We've been major blog slackers here at SteffesWood Apiary. Teaching and flying are occupying us a lot these days. I had a chance to make these delicious cookies last weekend, though. I'm testing out cookie recipes for the annual Friends of the B.F. Jones Library wine and cheese fundraiser on October 27. The fundraiser always includes an elaborate and delicious cookie table and I wanted find some honey-based cookies to add to the offerings. These are a keeper. They're chewy, have a lot of great honey flavor and a nice little crunch from the pecans. I wasn't so sure about the recipe at first because it doesn't include any eggs--but these are delicious and have a wonderful texture. I highly recommend them!
Chewy Pecan Honey Cookies
1 1/2 cup all purpose flour
1/2 teaspoon baking powder
1/8 teaspoon salt
1/2 cup (one stick) butter, softened
1/4 cup sugar
1/2 cup honey
1 teaspoon vanilla extract
1/2 cup pecans, chopped
Preheat oven to 300 degrees. Line baking sheets with parchment paper. In a small mixing bowl, combine the flour, baking powder and salt. Cream together the butter and sugar. Add the honey and cream well. Slowly add the flour mixture and mix until just combined, finishing by hand if needed, trying not to over mix. Stir in the pecans.

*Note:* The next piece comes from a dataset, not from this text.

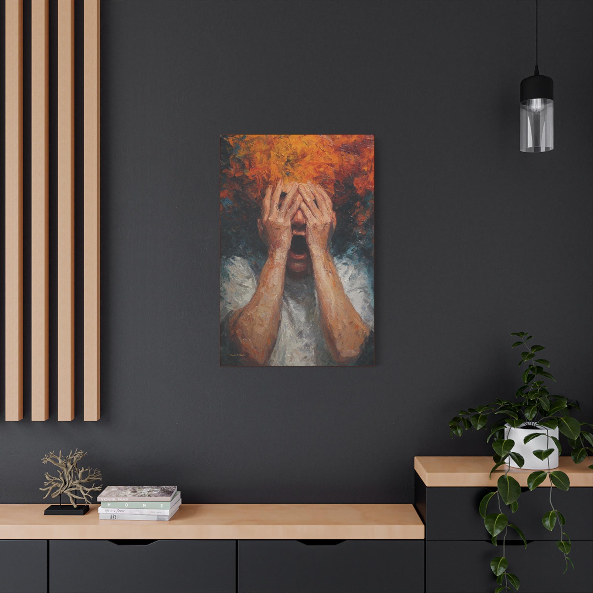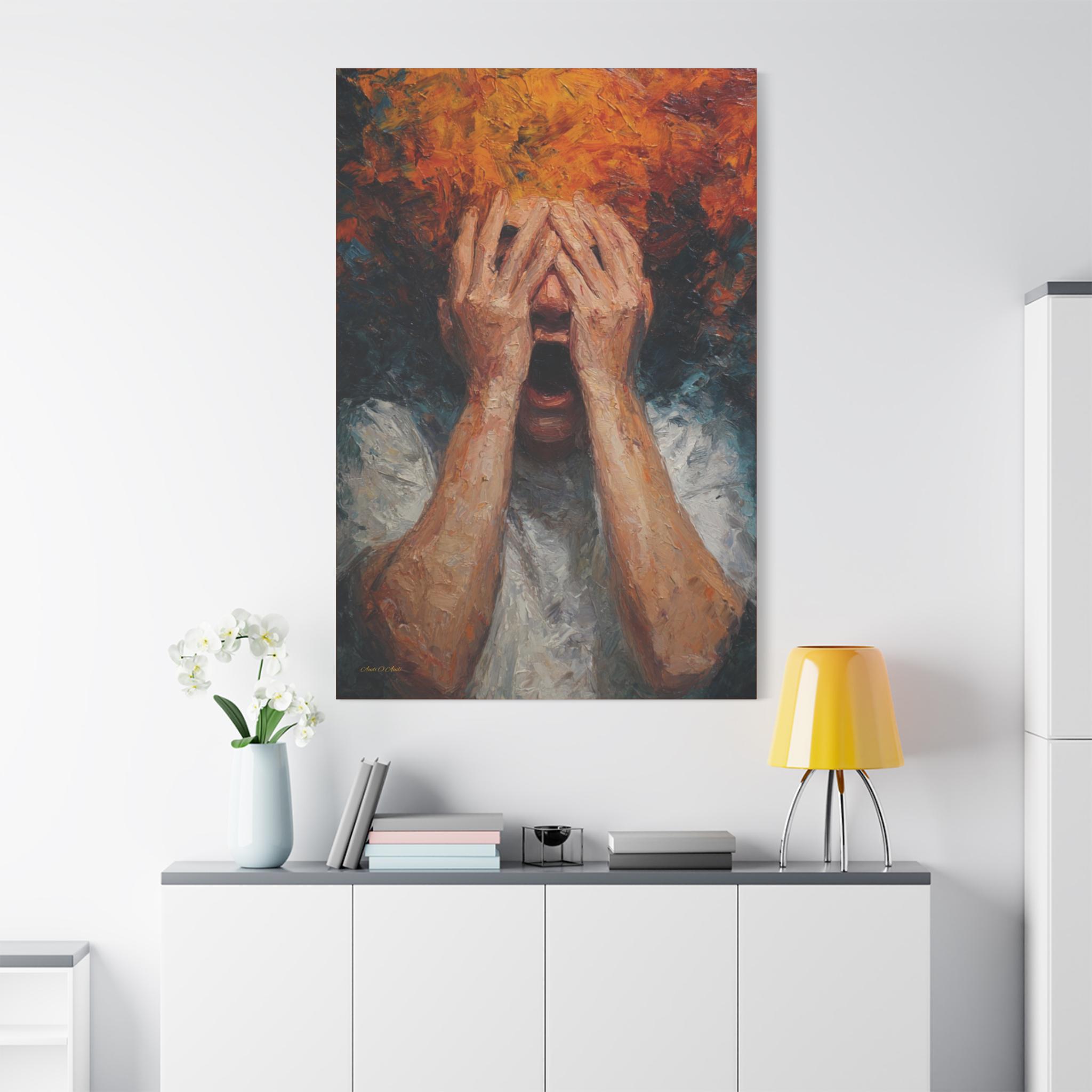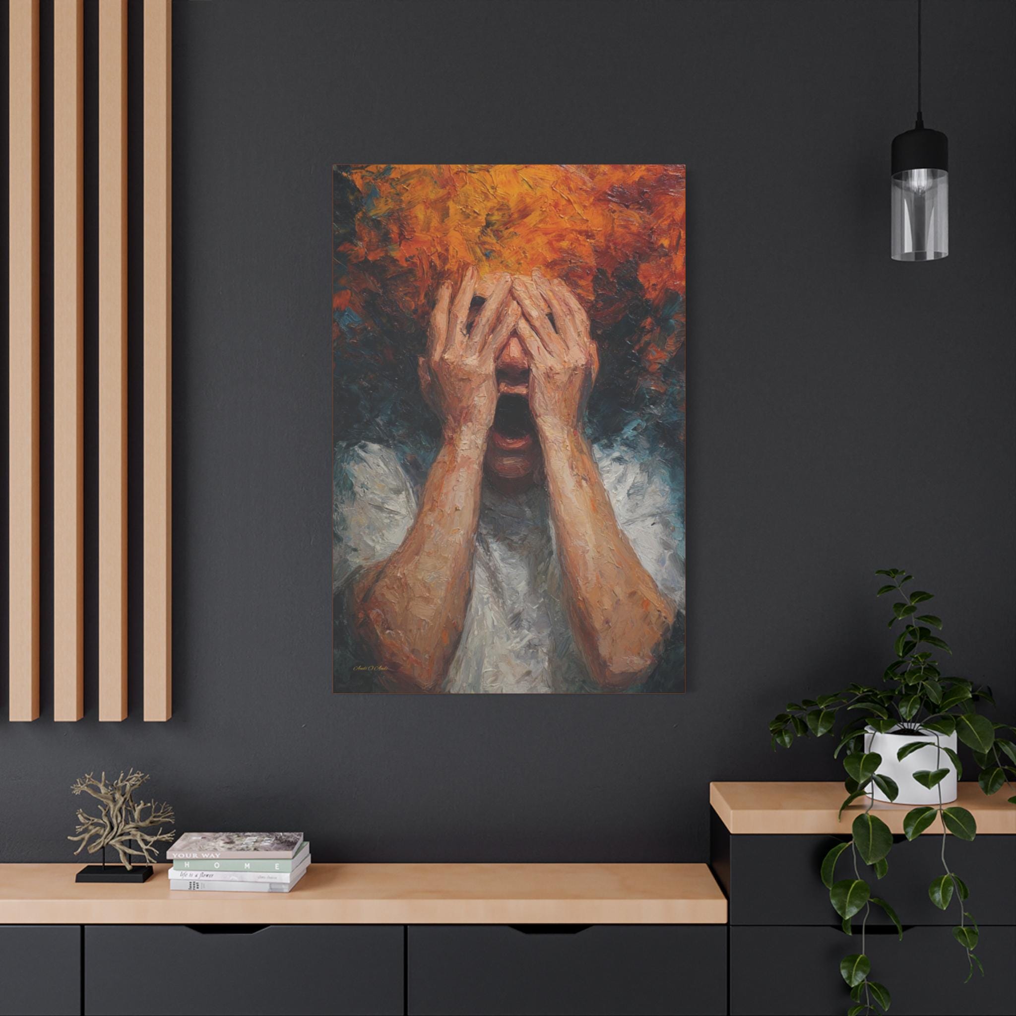 The composition centers on a figure consumed by an invisible force, their face partially obscured by outstretched, frenzied hands. The open mouth forms a silent scream, a universal symbol of anguish, fear, or profound release. Above the figure's head, the cool, desaturated blues of the body give way to an explosive crown of fiery oranges and reds, symbolizing a mind in turmoil, a flash of pain, or the volatile moment of a psychological breakdown.

Using about one teaspoon, form the dough into balls and place on the prepared cookie sheets. (You can chill the dough for about 10 minutes if it's very soft--don't chill for much longer, though, since the honey will harden making it hard to form into balls.) Bake for about 10-12 minutes, until edges are golden brown and set. Makes about 3 dozen cookies.